Treadmill Titan Poised to Reap 1,800% Return on Zao Masterpiece
(Bloomberg) -- An abstract oil painting by Chinese-French master Zao Wou-ki could sell for 19 times more than its previous purchase price when the work goes on the block at Sotheby’s in Hong Kong on Sept. 30.
Taiwanese businessman Chang Qiu Dun, whose company makes treadmills and power tools, paid HK$18.05 million ($2.3 million) for the work, “Juin-Octobre 1985,” at a 2005 auction in Hong Kong, said people familiar with his collection. He kept the 10-meter-long (33 feet) triptych at a purpose-built space next to his factory in the industrial city of Taichung.
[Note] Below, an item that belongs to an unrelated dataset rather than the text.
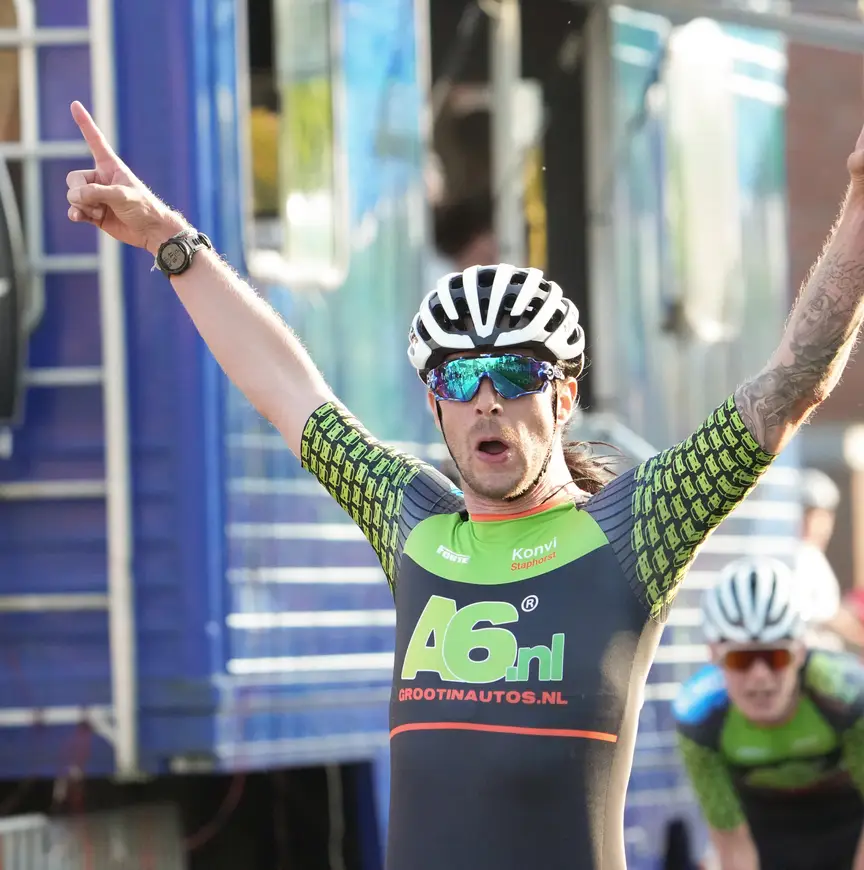 Dat deed Crispijn Ariëns, die als tweede de meet was gepasseerd, wel. “Ze zaten aan alle kanten aan mijn lichaam, ik werd gewoon teruggetrokken en vastgehouden. Dit was geen nette manier om te winnen. Wie er precies wat uithaalde, kan ik niet zeggen, maar achter me reden de jongens van A6. Ik ben hen dat ook gaan vertellen. Dit krijgen ze nog wel terug, want zulke streken vergeet ik niet gauw. Laten we het daarop houden. Voor de rest heb ik prima gereden”, verklaarde de routinier van Reggeborgh, die zijn boosheid tijdens de huldiging allang weer naar de achtergrond had verdrongen.
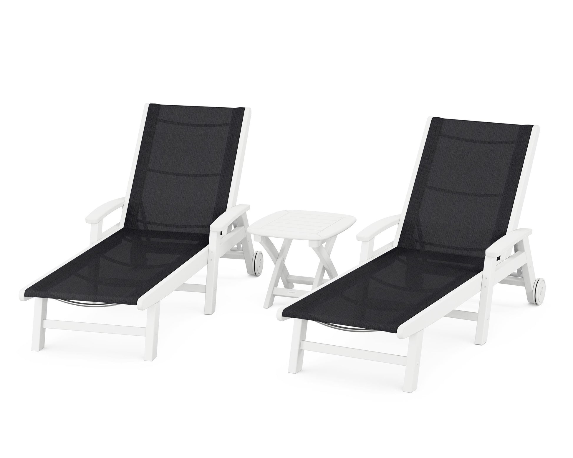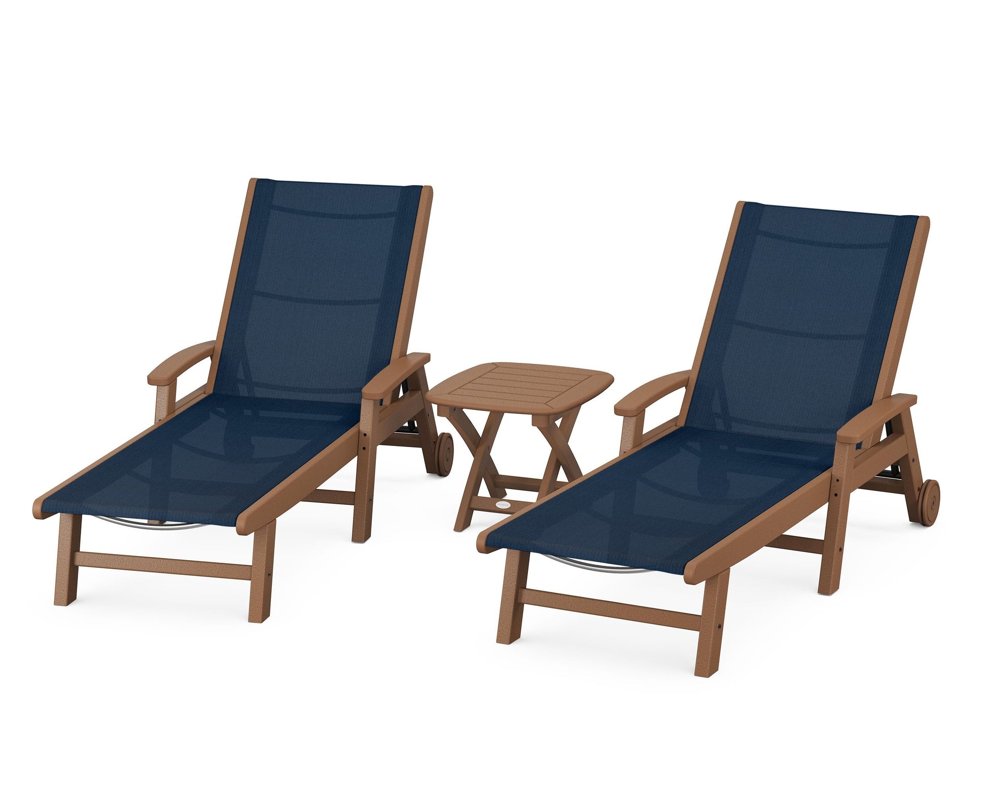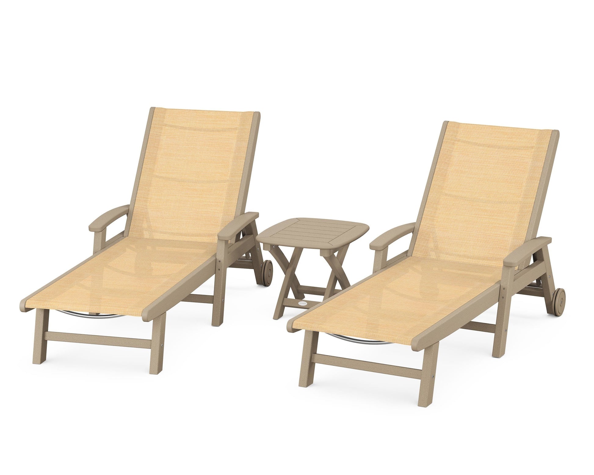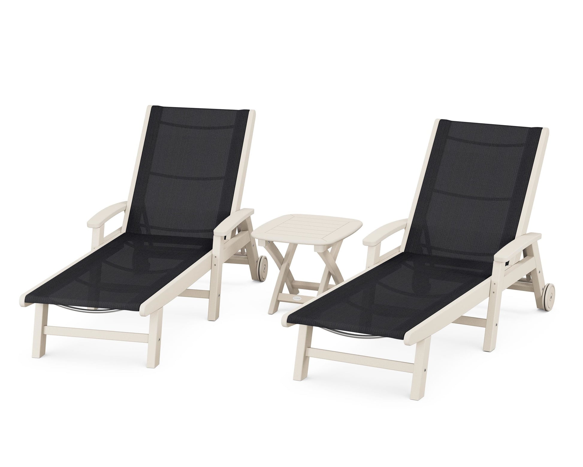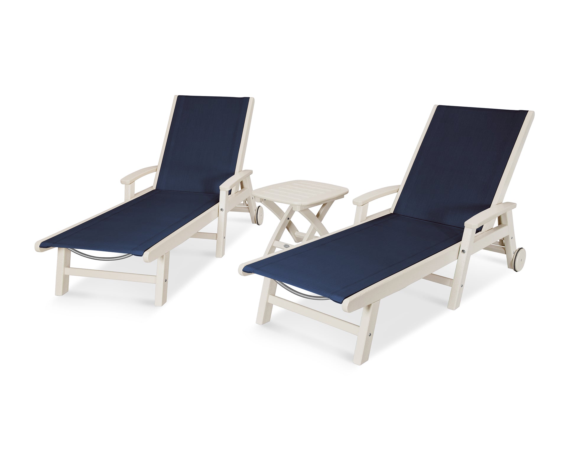 Lie back and relax in the Coastal 3-Piece Chaise with Wheels Set, fitted with a breathable fabric sling for optimal comfort. Conveniently equipped with wheels, you can easily move your all-weather chaise lounges to wherever the sun takes you, and the coordinating side table is the perfect place to set your drinks. Whether poolside or on your patio or deck, this set will look great for many years to come.

Sotheby’s declined to identify the seller and Chang didn’t respond to messages left at the Taiwan offices of his company, P&F Brother Industrial Corp.
If the work sells for the estimated value of HK$350 million ($44 million), it would be the most expensive 20th century Asian painting ever sold at auction, shattering the record of HK$203 million for a Zao work in November at Christie’s in Hong Kong.
Zao, who died in 2013 at age 92, painted the work in 1985 at the behest of his close friend and fellow Chinese emigre, architect I.M. Pei, who was building a commercial complex in Singapore called Raffles City. He spent the last 65 years of his life in France, drawing on both Chinese and European academic traditions, fusing them into his own distinctive abstract expressionist style.
Pascal de Sarthe, a Hong Kong-based dealer who has been selling Zao works for 35 years, said the monumental painting, Zao’s largest composition, could draw bids from buyers in Taiwan, China, Singapore, Indonesia and the U.S., as the artist has a strong international collector base.
"We are seeing the gap closing between U.S. post-war masters like Mark Rothko, Pollock and de Kooning and their counterparts from China," de Sarthe said. "I would not be surprised if the work went for $45 million."